Originally appellee objected also to the classification of four parcels situated in Thomson (one of which is also within Jay Cooke State Park) which parcels comprise the western portion of appellee’s canal system. But prior to the trial court’s decision, appellee withdrew its objection to the classification of these parcels.
Of course, the property is, as is all property in a county, under the protection of the county sheriff. Minn. St. 387.03.
The land for the park was conveyed as a gift to the state by a predecessor in title of the appellee, reservation being made of the lands in question.
In that case it was held that whether there are “substantial differences” between Federal savings and loan associations and credit unions, so that exempting one from income tax is not unreasonable classification, is a question of fact.
See, e. g., National Bank v. Banholzer, 69 Minn. 24, 29, 71 N. W. 919, 920 (“rural or agricultural portion of the city”); Webster’s Third New International Dictionary (1961) p. 1990 (“living in country areas: engaged in agricultural pursuits”).

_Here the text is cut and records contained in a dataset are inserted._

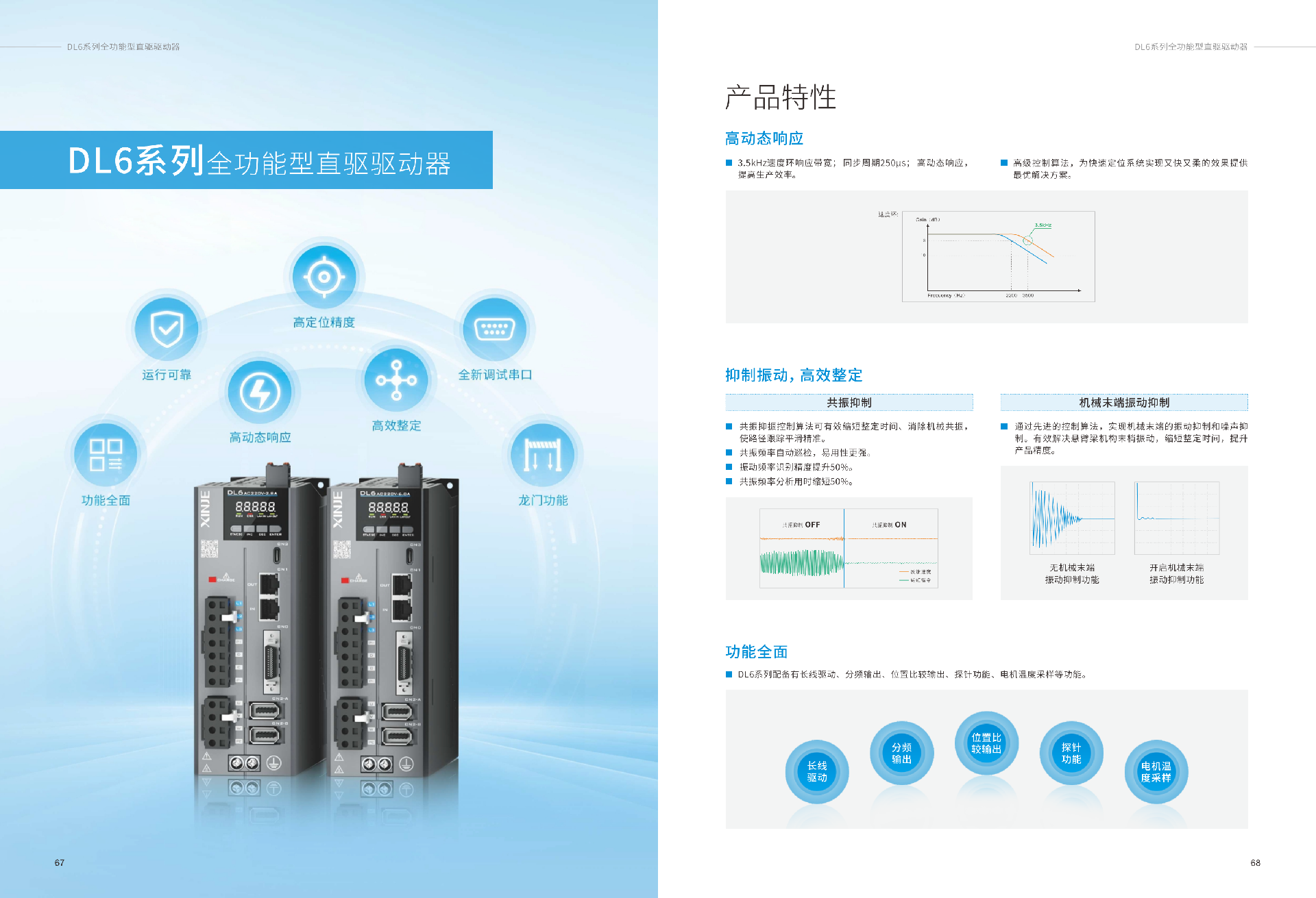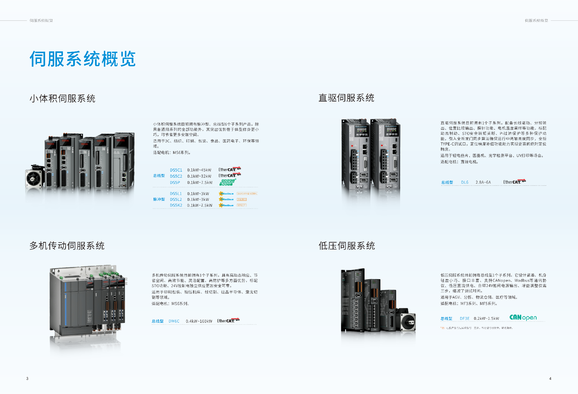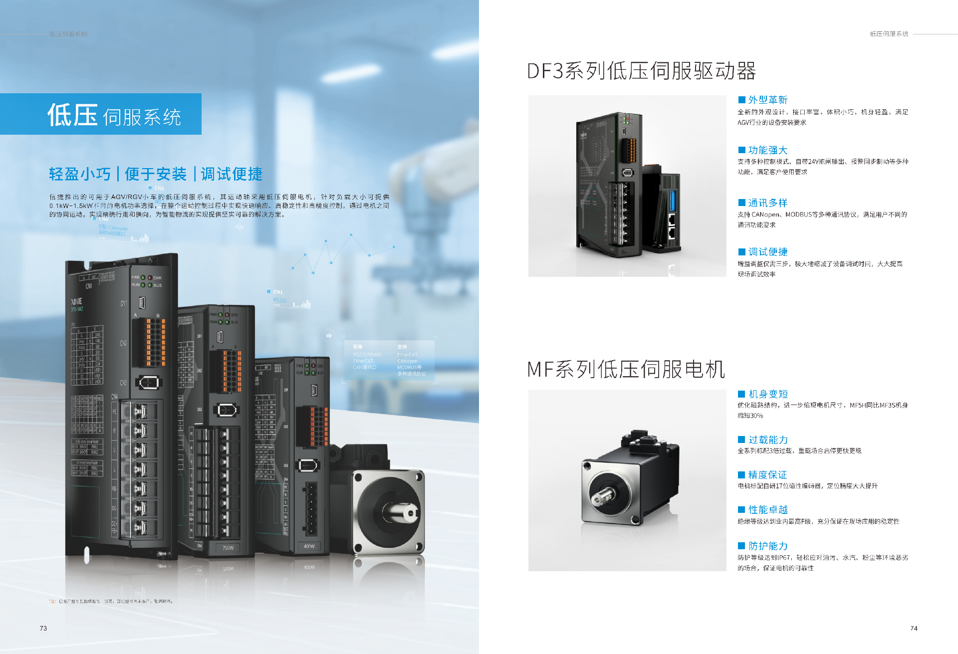 低压伺服系统目前拥有总线型1个子系列,它设计紧凑、机身轻盈小巧、接口丰富、支持CANopen、Modbus等通讯协议、低压直流供电、自带24V抱闸电源输出、增益调整仅需三步,缩减了调试时间。
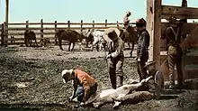 Mais ensuite, les peaux de bison ont été utilisées en Europe pour fabriquer des courroies de machines industrielles, des vêtements, et des tapis, et massivement transportées à destination de l'Europe. Pendant une décennie, à partir de 1873, il y avait plusieurs centaines, peut-être plus d'un millier, de ces équipes de « moissonneurs » de peaux. À la gare de Dodge City, à l'est du Colorado, des wagons entiers étaient remplis de peaux et envoyés vers l'est. Le déclin de la population de bison s'accélère jusqu'en 1889. Il n’existait plus en tout en Amérique du Nord que 750 bisons en 1890, du fait du braconnage. Une belle peau pouvait rapporter 3 $ à Dodge City, à une époque où un ouvrier gagnait au mieux un dollar par jour. Buffalo Bill fournissait en viande de bison (buffalo en anglais) les employés des chemins de fer Kansas Pacific Railway. Il gagna un duel contre Bill Comstock en tuant 69 bisons contre 48 en une journée[19]. De 1882 à 1912, il organise et dirige un spectacle populaire : le Buffalo Bill’s Wild West.
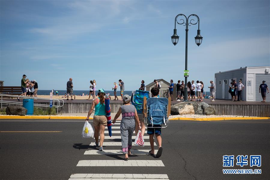 5月16日,人们走向美国新泽西州贝尔马海滩。 新华社发(郭克摄)
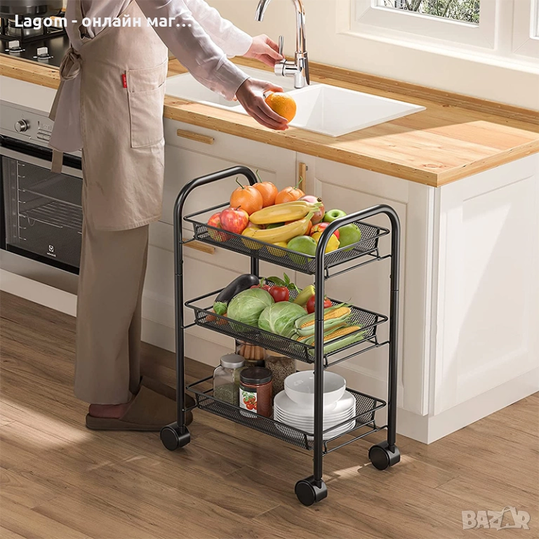 Етажерка на колелца с 3 нива за кухня, офис, баня Ruhhy
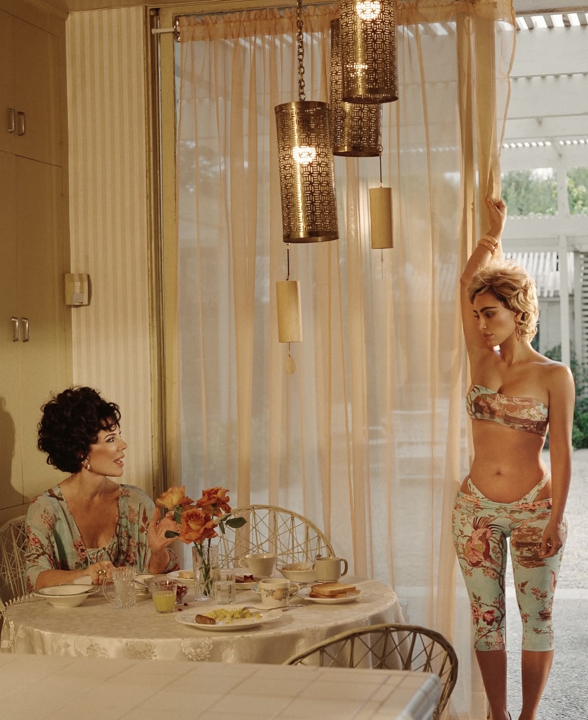 La campaña, dirigida por la fotógrafa y artista visual Nadia Lee Cohen, está protagonizada por Kim y Kris Jenner, en una serie de imágenes con estética retro, pelucas rubias y escenarios cinematográficos. La vibra de la campaña recuerda a los anuncios de los 90, pero con una ironía que refuerza el tono lúdico de la cápsula. Las siluetas van desde bikinis de triángulo, enteritos con cintas y catsuits, hasta caftanes vaporosos y vestidos de red. Cada pieza busca capturar una sensualidad atrevida, sin sacrificar soporte ni funcionalidad, o sea, fiel a la narrativa que busca proyectar SKIMS desde su origen.

Section 273.13, subd. 4, excepts from class-3 treatment rural property covered by subd. 2 (iron ore) and subd. 8a (property used exclusively for growing trees for timber, lumber, wood, and wood products). This indicates the legislature felt that, without the exceptions, iron ore and timber lands could be classified as rural property, which shows it intended “rural” to encompass more than just agricultural property.
See, 37A Wd. & Phr. (Perm, ed.) p. 683, and Supp. p. 74. See, also, Staples v. State, 233 Minn. 312, 46 N. W. (2d) 651, where the court held that although the land was rural in character and adaptable to rural use, it was not “agricultural lands” within the statute providing tax limitations for school maintenance purposes.
See, Staples v. State, supra; In re Delinquent Real Estate Taxes, 149 Minn. 335, 183 N. W. 671.
See, Staples v. State, 233 Minn. 312, 315, 46 N. W. (2d) 651, 653.
See, Staples v. State, supra; In re Delinquent Real Estate Taxes, supra; Wagner v. Commr. of Taxation, 258 Minn. 330, 333, 104 N. W. (2d) 26, 28.
See, Staples v. State, 233 Minn. 312, 315, 46 N. W. (2d) 651, 653. Appellants cite State ex rel. Western Union Tel. Co. v. Minnesota Tax Comm. 132 Minn. 93, 155 N. W. 1061, as establishing that use of property by public utility companies is necessarily nonrural. The case does not support their position. Although the ultimate result of the case was that certain telegraph company property was assessed at 40 percent of full and true value, the only question before the court was whether telegraph company property was included under the tax classification act or was outside the act because subject to a “lieu” tax. Had it been held outside the act, it would have been assessed at 100 percent of full and true value. The court’s
See, Report Attorney General, 1936, No. 353, in which it is stated: “Referring to * * * the classification and assessment of power dams and submerged land adjacent to such dam it does not follow that because these dams and submerged lands are commercial in their use that they are not rural land, that is, unplatted land within the meaning of the statute.”
Some provisions of the statute do turn upon the present use of the property. See, § 273.13, subd. 3, construed in Report Attorney General, 1960, No. 87.